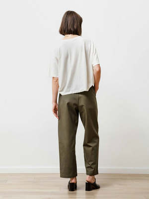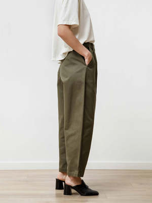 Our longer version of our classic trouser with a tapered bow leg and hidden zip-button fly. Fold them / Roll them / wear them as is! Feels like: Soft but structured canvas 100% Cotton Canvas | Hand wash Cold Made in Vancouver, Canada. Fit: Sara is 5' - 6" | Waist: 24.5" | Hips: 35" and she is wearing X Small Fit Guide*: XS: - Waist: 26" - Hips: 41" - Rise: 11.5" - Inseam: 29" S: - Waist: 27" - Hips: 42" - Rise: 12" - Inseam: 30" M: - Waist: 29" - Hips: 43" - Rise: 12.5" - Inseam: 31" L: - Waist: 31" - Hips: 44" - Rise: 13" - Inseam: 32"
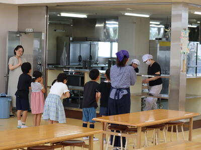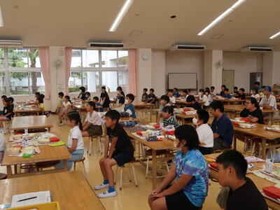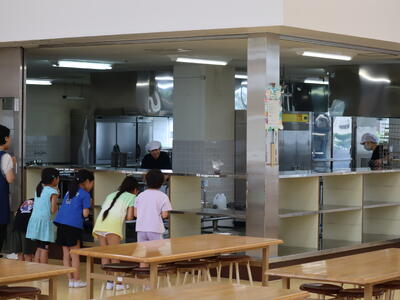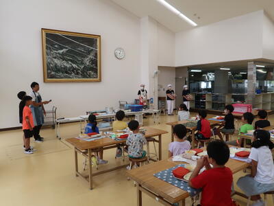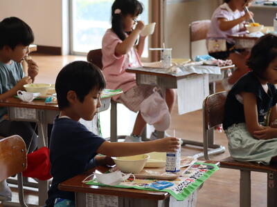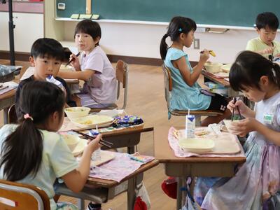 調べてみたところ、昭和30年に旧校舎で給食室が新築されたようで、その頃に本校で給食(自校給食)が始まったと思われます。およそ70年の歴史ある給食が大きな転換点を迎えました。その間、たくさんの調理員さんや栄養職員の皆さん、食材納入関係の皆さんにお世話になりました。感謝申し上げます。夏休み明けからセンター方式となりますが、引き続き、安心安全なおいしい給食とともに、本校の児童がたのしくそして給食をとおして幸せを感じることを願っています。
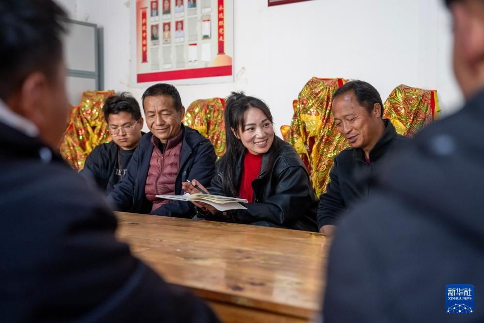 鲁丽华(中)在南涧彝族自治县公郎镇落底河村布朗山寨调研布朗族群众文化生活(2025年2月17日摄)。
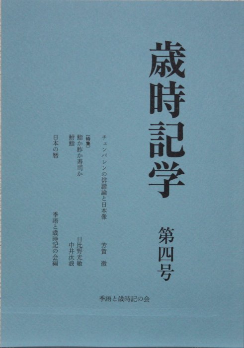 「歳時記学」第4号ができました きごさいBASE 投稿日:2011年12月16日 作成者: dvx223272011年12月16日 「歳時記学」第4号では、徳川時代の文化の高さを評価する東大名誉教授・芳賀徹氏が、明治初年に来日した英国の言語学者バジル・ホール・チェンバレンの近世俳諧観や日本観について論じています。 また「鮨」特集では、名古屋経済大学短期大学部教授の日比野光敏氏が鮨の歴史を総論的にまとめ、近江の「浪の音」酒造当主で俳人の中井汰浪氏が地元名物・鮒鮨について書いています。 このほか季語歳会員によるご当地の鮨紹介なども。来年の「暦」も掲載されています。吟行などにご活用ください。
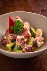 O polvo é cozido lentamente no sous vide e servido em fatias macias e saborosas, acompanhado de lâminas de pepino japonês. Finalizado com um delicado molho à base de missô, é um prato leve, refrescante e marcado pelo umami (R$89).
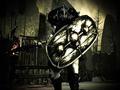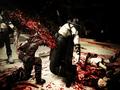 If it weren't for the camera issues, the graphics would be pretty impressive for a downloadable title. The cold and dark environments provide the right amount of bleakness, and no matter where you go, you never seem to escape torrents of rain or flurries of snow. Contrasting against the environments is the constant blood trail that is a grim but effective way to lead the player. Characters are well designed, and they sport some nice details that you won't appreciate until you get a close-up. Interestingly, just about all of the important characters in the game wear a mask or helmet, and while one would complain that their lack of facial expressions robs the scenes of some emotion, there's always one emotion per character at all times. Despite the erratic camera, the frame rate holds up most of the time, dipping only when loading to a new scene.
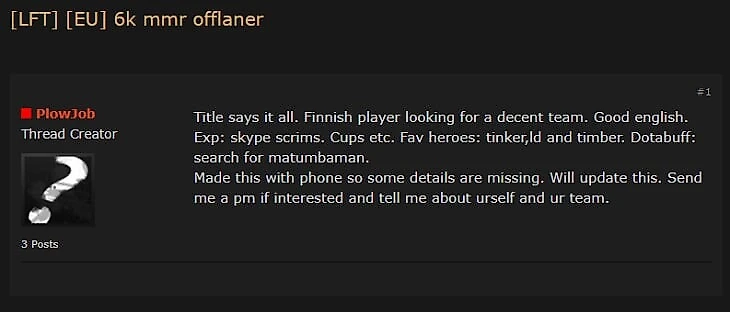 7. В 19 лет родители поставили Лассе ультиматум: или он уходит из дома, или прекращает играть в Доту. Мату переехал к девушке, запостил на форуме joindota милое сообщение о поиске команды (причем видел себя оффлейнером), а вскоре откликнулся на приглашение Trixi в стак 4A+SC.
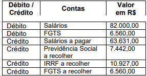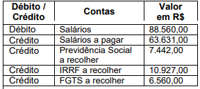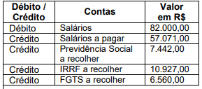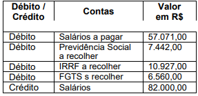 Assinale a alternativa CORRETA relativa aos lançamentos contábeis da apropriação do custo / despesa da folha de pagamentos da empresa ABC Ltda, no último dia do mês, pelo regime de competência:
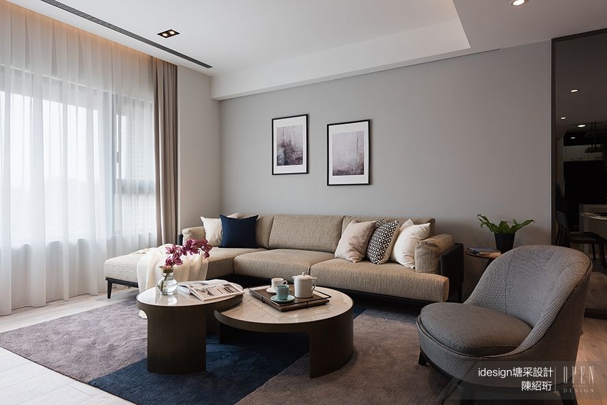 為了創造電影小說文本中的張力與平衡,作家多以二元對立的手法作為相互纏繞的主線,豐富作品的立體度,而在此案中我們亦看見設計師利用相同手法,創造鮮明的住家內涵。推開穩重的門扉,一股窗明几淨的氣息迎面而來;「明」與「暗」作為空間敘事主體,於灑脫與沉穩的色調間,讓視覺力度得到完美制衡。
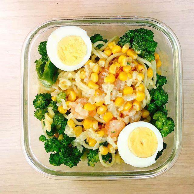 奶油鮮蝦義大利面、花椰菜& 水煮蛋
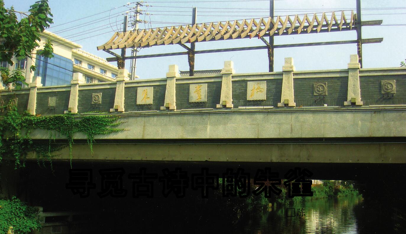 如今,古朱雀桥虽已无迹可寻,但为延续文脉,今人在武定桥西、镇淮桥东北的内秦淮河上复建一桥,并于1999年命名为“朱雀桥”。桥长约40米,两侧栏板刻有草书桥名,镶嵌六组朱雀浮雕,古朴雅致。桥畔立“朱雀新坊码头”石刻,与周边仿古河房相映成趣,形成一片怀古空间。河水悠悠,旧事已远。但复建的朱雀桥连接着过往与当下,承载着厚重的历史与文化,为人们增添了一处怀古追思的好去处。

• _Required action_: Exact repetition required: repeat the first line of the listing above, the line containing "O polvo é cozido", and every line between, leaving out pictures.

• _Task result_:
 Our longer version of our classic trouser with a tapered bow leg and hidden zip-button fly. Fold them / Roll them / wear them as is! Feels like: Soft but structured canvas 100% Cotton Canvas | Hand wash Cold Made in Vancouver, Canada. Fit: Sara is 5' - 6" | Waist: 24.5" | Hips: 35" and she is wearing X Small Fit Guide*: XS: - Waist: 26" - Hips: 41" - Rise: 11.5" - Inseam: 29" S: - Waist: 27" - Hips: 42" - Rise: 12" - Inseam: 30" M: - Waist: 29" - Hips: 43" - Rise: 12.5" - Inseam: 31" L: - Waist: 31" - Hips: 44" - Rise: 13" - Inseam: 32"
 調べてみたところ、昭和30年に旧校舎で給食室が新築されたようで、その頃に本校で給食(自校給食)が始まったと思われます。およそ70年の歴史ある給食が大きな転換点を迎えました。その間、たくさんの調理員さんや栄養職員の皆さん、食材納入関係の皆さんにお世話になりました。感謝申し上げます。夏休み明けからセンター方式となりますが、引き続き、安心安全なおいしい給食とともに、本校の児童がたのしくそして給食をとおして幸せを感じることを願っています。
 鲁丽华(中)在南涧彝族自治县公郎镇落底河村布朗山寨调研布朗族群众文化生活(2025年2月17日摄)。
 「歳時記学」第4号ができました きごさいBASE 投稿日:2011年12月16日 作成者: dvx223272011年12月16日 「歳時記学」第4号では、徳川時代の文化の高さを評価する東大名誉教授・芳賀徹氏が、明治初年に来日した英国の言語学者バジル・ホール・チェンバレンの近世俳諧観や日本観について論じています。 また「鮨」特集では、名古屋経済大学短期大学部教授の日比野光敏氏が鮨の歴史を総論的にまとめ、近江の「浪の音」酒造当主で俳人の中井汰浪氏が地元名物・鮒鮨について書いています。 このほか季語歳会員によるご当地の鮨紹介なども。来年の「暦」も掲載されています。吟行などにご活用ください。
 O polvo é cozido lentamente no sous vide e servido em fatias macias e saborosas, acompanhado de lâminas de pepino japonês. Finalizado com um delicado molho à base de missô, é um prato leve, refrescante e marcado pelo umami (R$89).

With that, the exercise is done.